BRIEF: Given the material below, return only the lines starting at the line with "Fringed Rhinestones LED" and ending at the line with "जिल्ला प्रशासन कार्यालय पाल्पाको अनुरोध ।", exactly as they appear.

SUPPLIED MATERIAL:

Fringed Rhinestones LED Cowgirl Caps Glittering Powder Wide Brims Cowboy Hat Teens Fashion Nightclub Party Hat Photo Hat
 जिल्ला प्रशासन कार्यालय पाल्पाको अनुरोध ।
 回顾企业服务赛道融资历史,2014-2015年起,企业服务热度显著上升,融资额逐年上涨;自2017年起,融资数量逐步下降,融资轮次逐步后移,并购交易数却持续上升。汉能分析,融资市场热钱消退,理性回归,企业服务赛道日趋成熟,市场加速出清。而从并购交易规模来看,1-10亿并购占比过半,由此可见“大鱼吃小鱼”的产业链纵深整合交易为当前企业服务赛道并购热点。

--

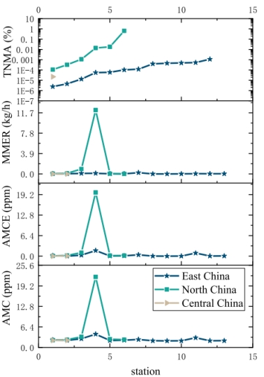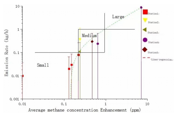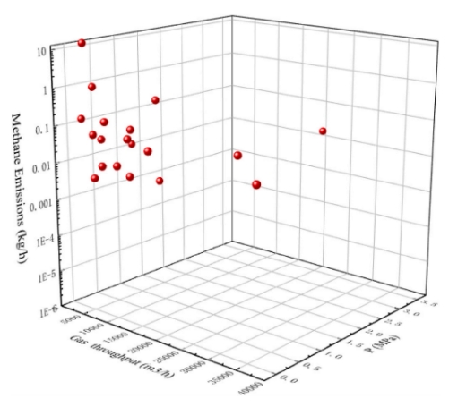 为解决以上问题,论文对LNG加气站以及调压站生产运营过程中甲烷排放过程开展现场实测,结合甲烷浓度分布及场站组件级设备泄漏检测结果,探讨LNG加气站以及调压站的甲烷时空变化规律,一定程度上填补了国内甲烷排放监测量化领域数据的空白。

RESPONSE BOX:
Fringed Rhinestones LED Cowgirl Caps Glittering Powder Wide Brims Cowboy Hat Teens Fashion Nightclub Party Hat Photo Hat
 जिल्ला प्रशासन कार्यालय पाल्पाको अनुरोध ।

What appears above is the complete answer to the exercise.